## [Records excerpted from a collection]
- Opening Delimiter -

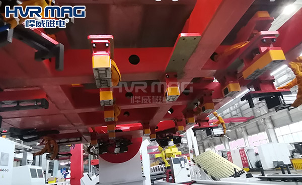 此前国内某自动化集成商与悍威磁电合作改造自动化集成焊接流水线项目,该项目原先用人工拼焊夹具和压板进行加工,每5人操作一套工装,经过改造后焊接固定工装采用了悍威磁电特制的电永磁铁进行加工,一人可看一条流水线,通过电永磁铁进行工件的固定,全程外接PLC设定程序,整个生产环节基本可以自动化,帮助企业优化了生产环节以及生产效率。
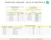 • 7 Spreadsheet Tabs: Inventory, Purchases, Sales, Manufacture, Bill of Materials, Suppliers
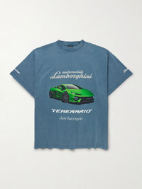 + Lamborghini Oversized Printed Cotton-Jersey T-Shirt Blue
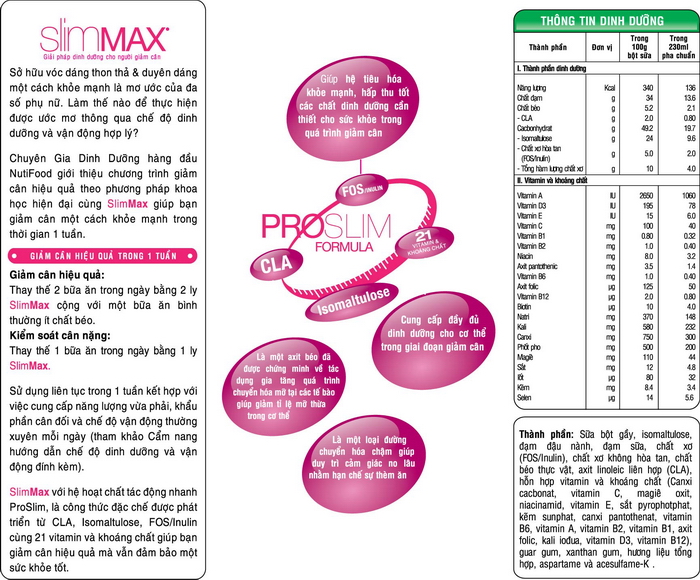 SlimMax với hệ hoạt chất tác động nhanh ProSlim là công thức tối ưu được phát triển từ CLA, Isomaltulose, FOS cùng 21 vitamin và khoáng chất giúp bạn giảm cân hiệu quả mà vẫn đảm bảo một sức khỏe tốt.
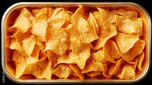 Rectangular plastic container filled with tortilla chips. the chips are golden brown in color and appear to be freshly made.
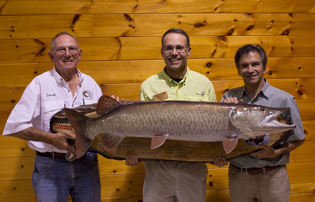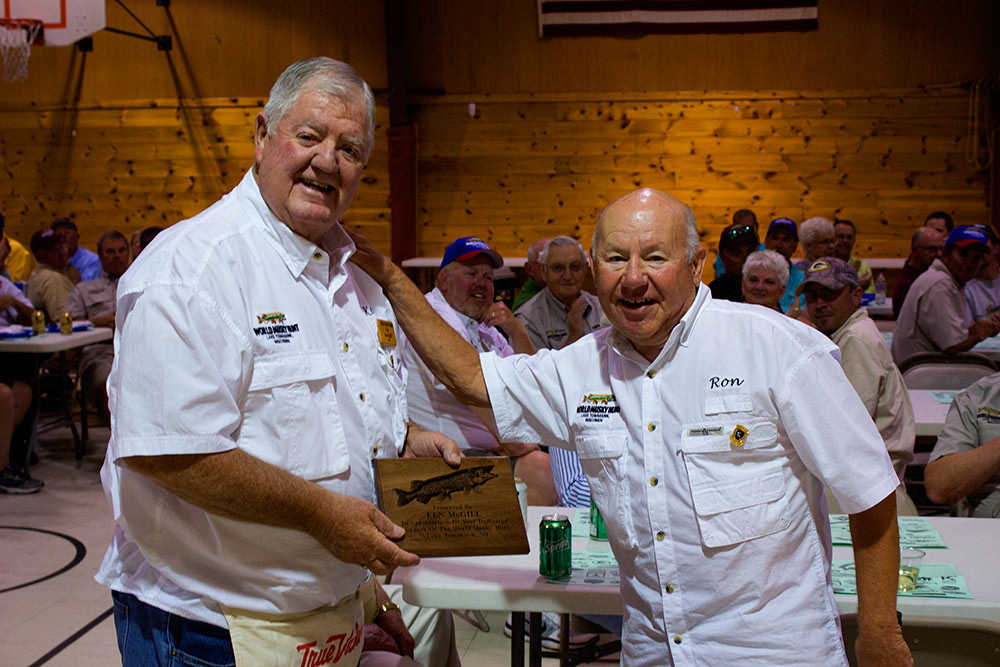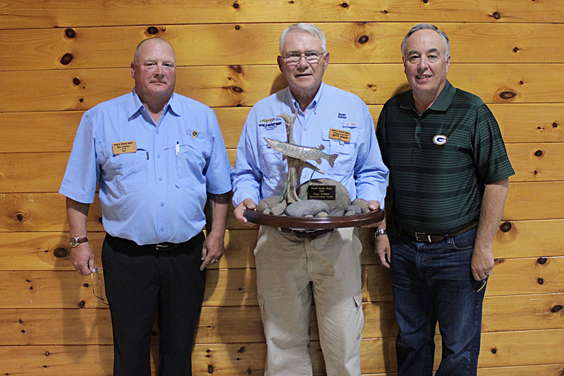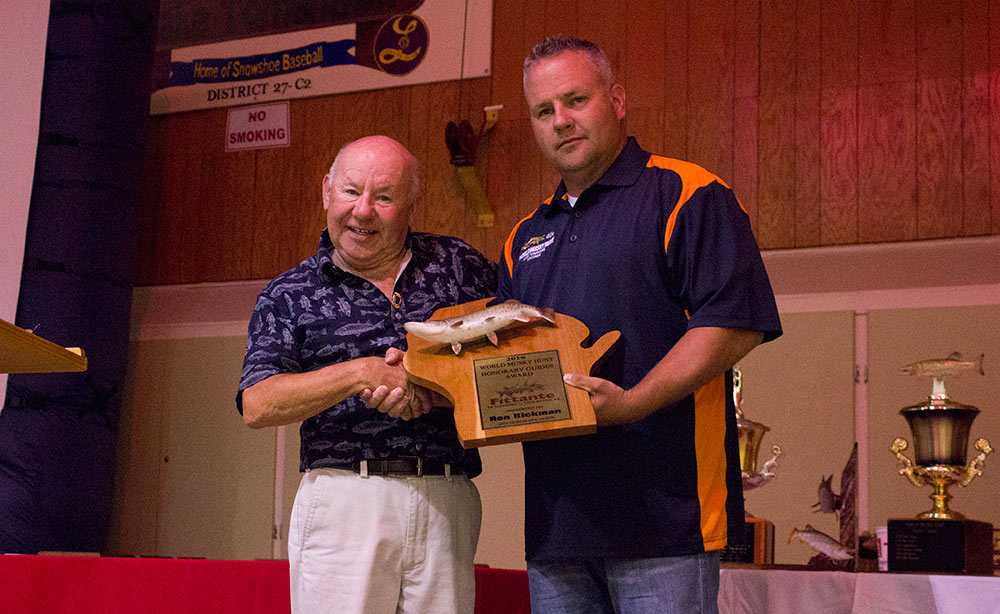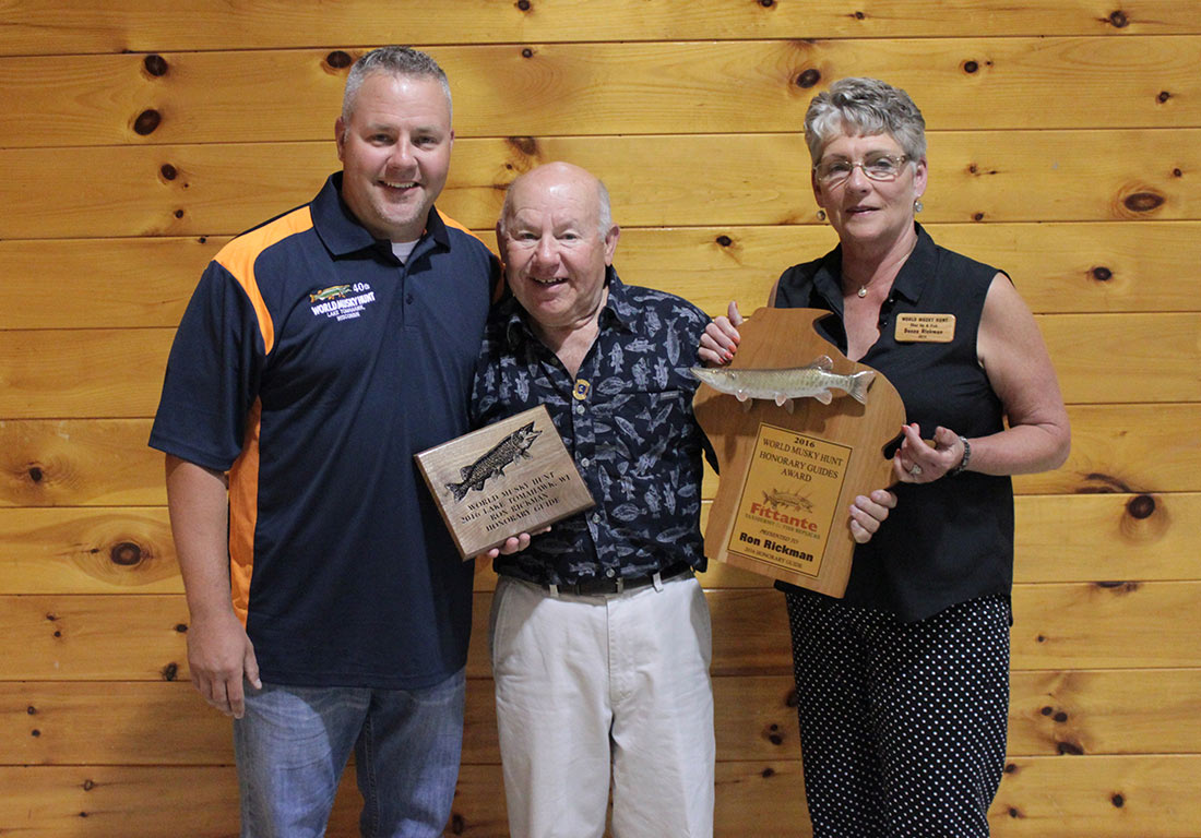 2016 Honorary Guide Ron Rickman shown here with Ron Rickman jr and Donna Rickman 2016 Master Caster 2016 WMH Sportsmanship Award winner Roger Sobota pictured here with WMH Vice President Don Laudubec (left) and 2016 Dead Fish Award winner Chuck Brod
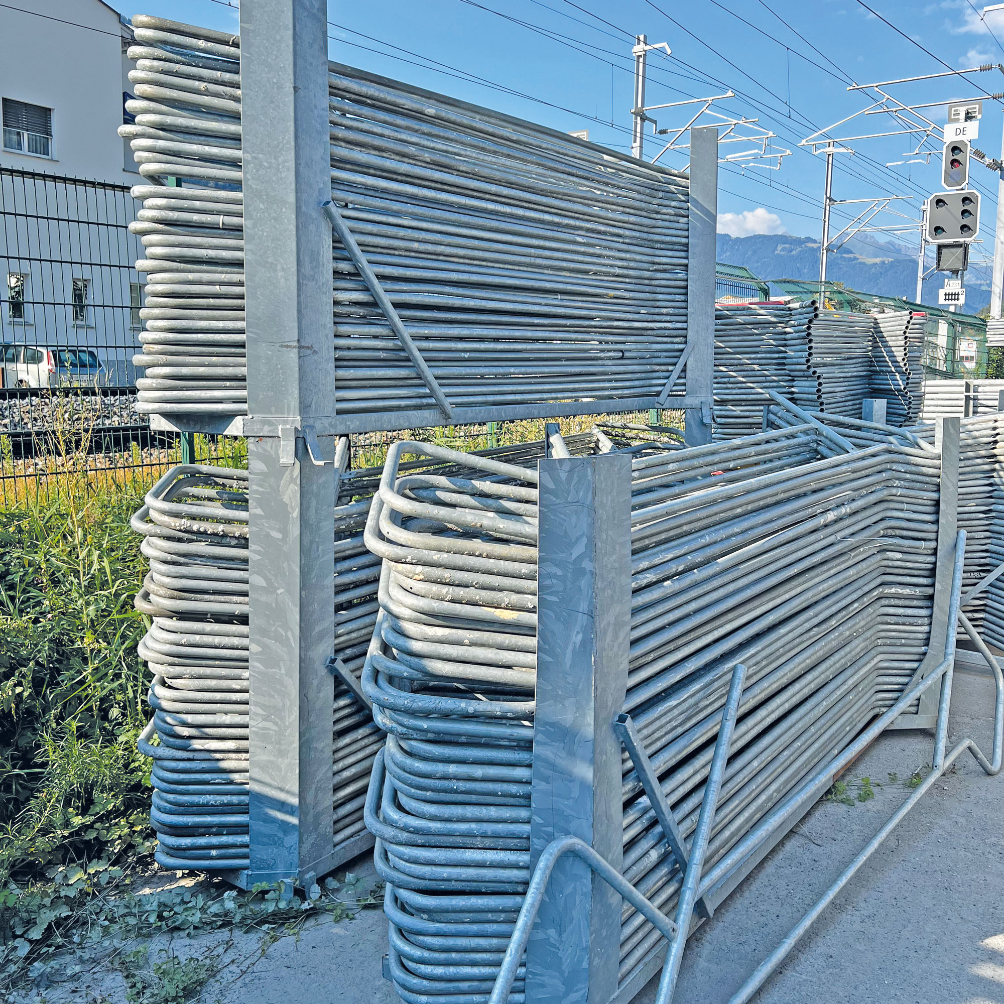 The core of the DIBt-certified system, available in both steel and aluminium, consists of rosettes that are vertically spaced at 50 cm intervals. They allow for connections in four directions. The system can be supplied and combined in widths of 95 cm or 65 cm.
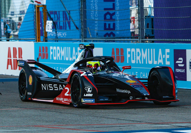 El piloto de Nissan e.Dams Oliver Rowland fue el ganador de la quinta fecha de la Fórmula E disputada en el Aeródromo de Berlin-Tempelhof. El británico habÃa sido el vencedor de la Súper Pole, y desde la mejor posición de salida pudo mantener el liderazgo hasta la bandera de cuadros, logrando la primera victoria del año. Segundo finalizó Robin Frijns (Virgin Racing) y tercero René Rast (Audi Sport), quien superó a André Lotterer (Porsche) en el último giro. Alex Lynn (Mahindra), Neel Jani (Porsche), Mitch Evans (Jaguar), Edoardo Mortara (Venturi), Stoffel Vandoorne (Mercedes-Benz) y Sébastien Buemi (Nissan e.Dams), completaron el top 10.
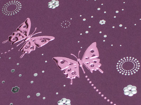 Blumen tanzende, lila Schmetterlinge, geben diesen Karten eine luftige, leichte Erscheinung.
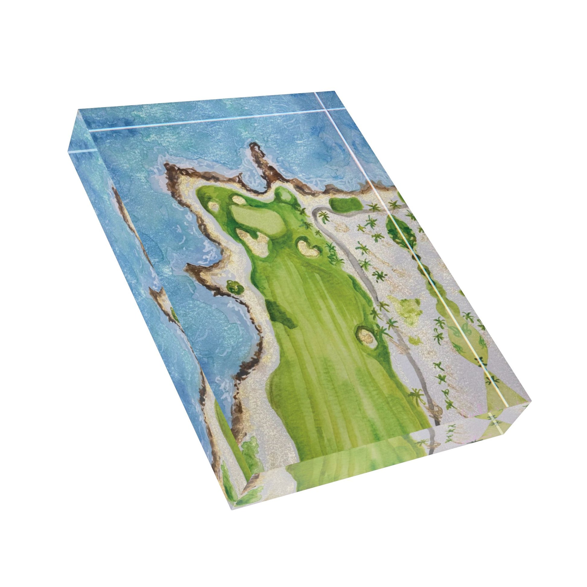 ”Golf courses are always so beautiful and when I saw a birds-eye-view of one on the ocean, I had to paint it.”
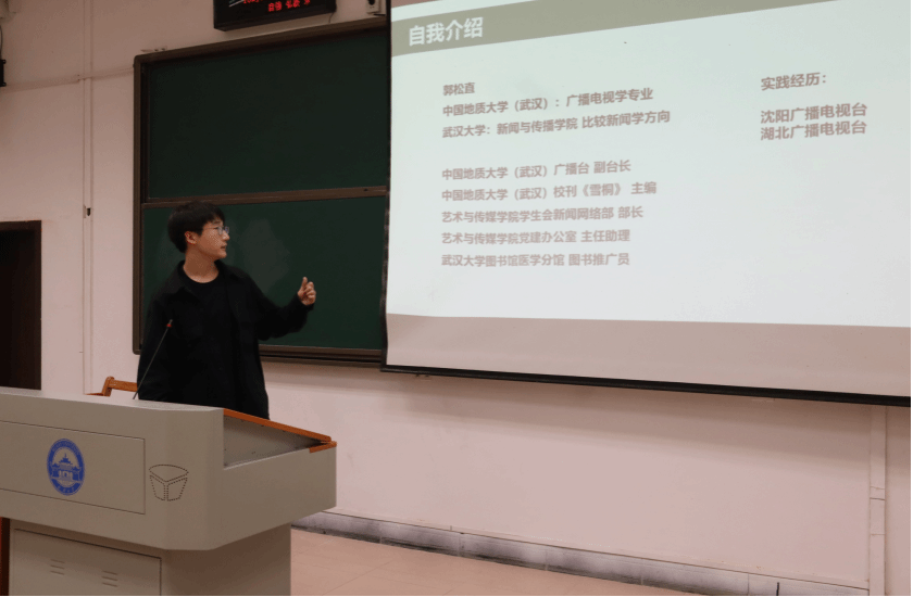 大会第二项由新任2021兼职辅导员郭松直进行自我介绍。郭老师从微信推文、期刊作品、活动策划、视频作品几个方面向大家详细介绍自己的专业特长与实践成果,并欢迎大家遇到简历排版、活动策划、活动宣传等自己专业所涉猎的问题时随时与他沟通交流,共同进步。

- Closing Delimiter -

## [What to work on]
Transcribe, word for word, the line holding "courses are always" and all lines after it in the entries above, ending with the last. Only those lines; no pictures.

## [Task answer]
 ”Golf courses are always so beautiful and when I saw a birds-eye-view of one on the ocean, I had to paint it.”
 大会第二项由新任2021兼职辅导员郭松直进行自我介绍。郭老师从微信推文、期刊作品、活动策划、视频作品几个方面向大家详细介绍自己的专业特长与实践成果,并欢迎大家遇到简历排版、活动策划、活动宣传等自己专业所涉猎的问题时随时与他沟通交流,共同进步。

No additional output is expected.